Juan 19:16, 17, 18, 20, 21, 22, 23, 24, 25, 26, 27, 28, 29, 30
Juan 19:16 NVI
Entonces Pilato se lo entregó para que lo crucificaran y los soldados se lo llevaron.
Juan 19:17 NVI
Jesús salió cargando su propia cruz hacia el lugar de la Calavera, que en hebreo se llama «Gólgota».
Juan 19:18 NVI
Allí lo crucificaron y con él a otros dos, uno a cada lado y Jesús en medio.
Juan 19:20 NVI
Muchos de los judíos lo leyeron, porque el sitio en que crucificaron a Jesús estaba cerca de la ciudad. El letrero estaba escrito en hebreo, latín y griego.
Juan 19:21 NVI
—No escribas “rey de los judíos” —protestaron ante Pilato los jefes de los sacerdotes judíos—. Era él quien decía ser rey de los judíos.
Juan 19:23 NVI
Cuando los soldados crucificaron a Jesús, tomaron su manto y lo partieron en cuatro partes, una para cada uno de ellos. Tomaron también la túnica, la cual no tenía costura, sino que era de una sola pieza, tejida de arriba abajo.
Juan 19:24 NVI
—No la dividamos —se dijeron unos a otros—. Echemos suertes para ver a quién le toca. Y así lo hicieron los soldados.
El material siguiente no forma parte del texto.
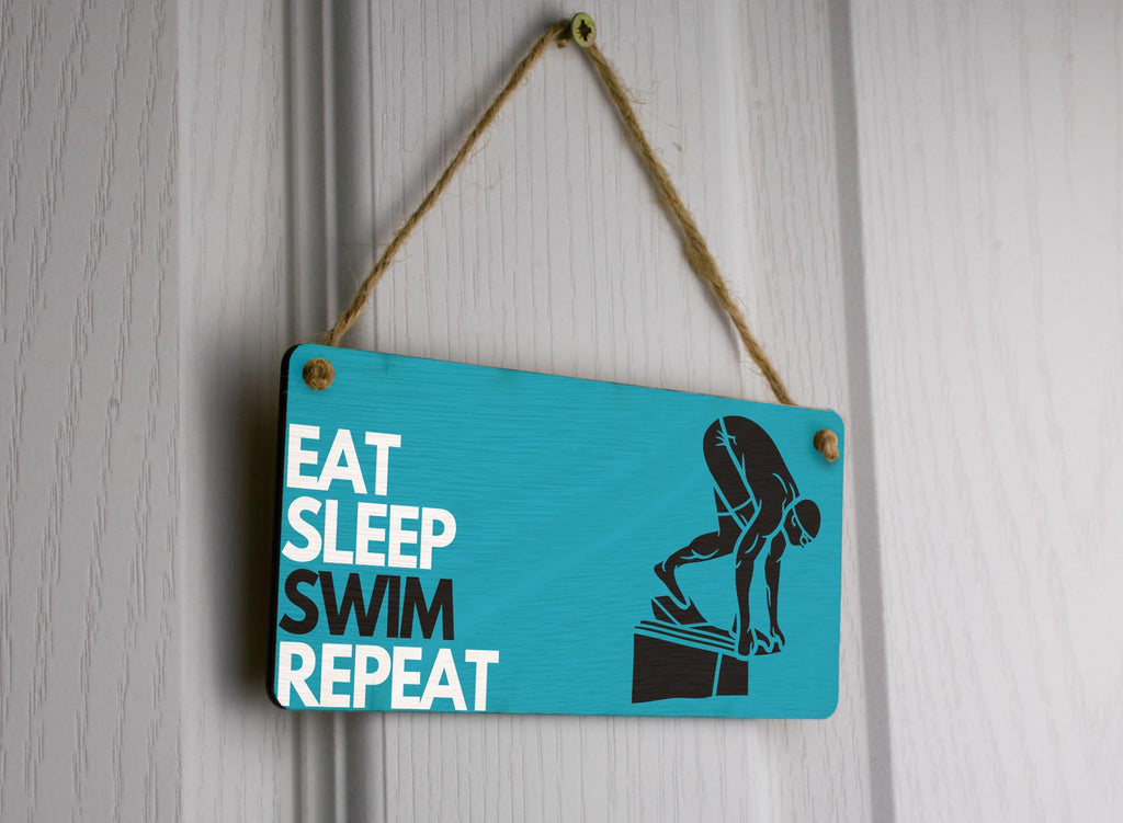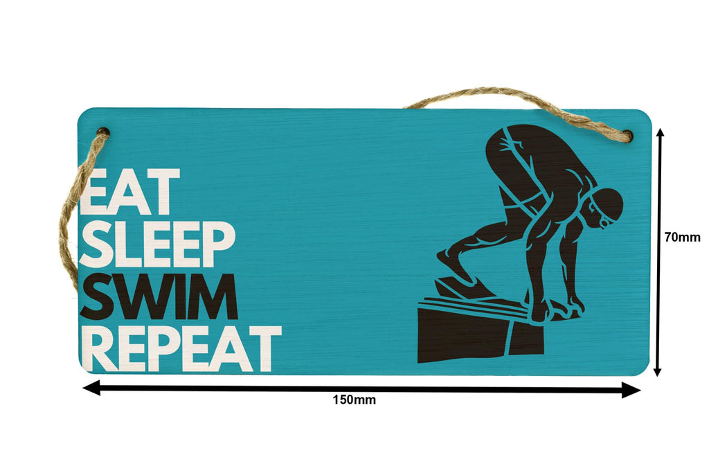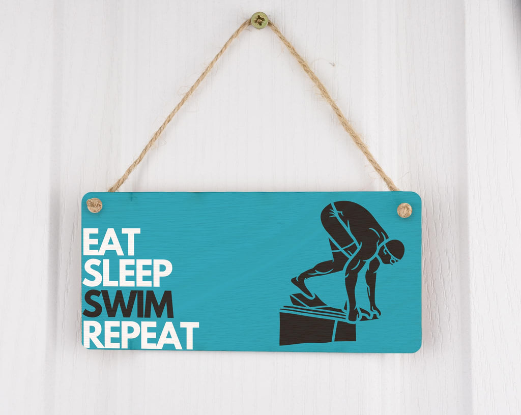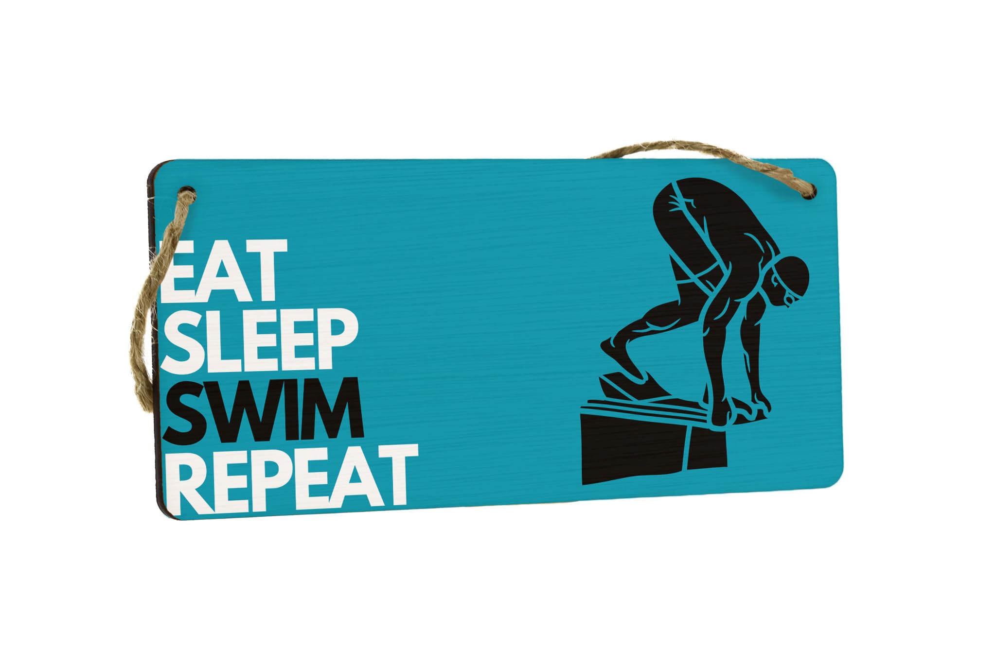 Add a splash of style to your wall with this Full Colour Plywood Hanging Sign - Eat Sleep Swim. This eye-catching sign is designed specifically for swimmers and is the perfect addition to any swimming lover's wall decor. Made from quality plywood, this sign features vibrant, full-colour printing that really brings the design to life. Hang it up in your bedroom, living room, or even in your swimming centre to showcase your passion for swimming. Whether you're a competitive swimmer or simply enjoy a dip in the pool, this sign is sure to make a statement.

Esto sucedió para que se cumpliera la Escritura que dice: «Se repartieron entre ellos mi manto y sobre mi ropa echaron suertes».
Juan 19:25 NVI
Junto a la cruz de Jesús estaban su madre, la hermana de su madre, María, la esposa de Cleofas, y María Magdalena.
Juan 19:26 NVI
Cuando Jesús vio a su madre y al discípulo a quien él amaba a su lado, dijo a su madre: —Mujer, ahí tienes a tu hijo.
Juan 19:27 NVI
Luego dijo al discípulo: —Ahí tienes a tu madre. Y desde aquel momento ese discípulo la recibió en su casa.
Juan 19:28 NVI
Después de esto, como Jesús sabía que ya todo había terminado y para que se cumpliera la Escritura, dijo: —Tengo sed.
Juan 19:29 NVI
Había allí una vasija llena de vinagre; así que empaparon una esponja en el vinagre, la pusieron en una rama de hisopo y se la acercaron a la boca.
Juan 19:30 NVI
Al probar Jesús el vinagre, dijo: —Todo se ha cumplido. Luego inclinó la cabeza y entregó el espíritu.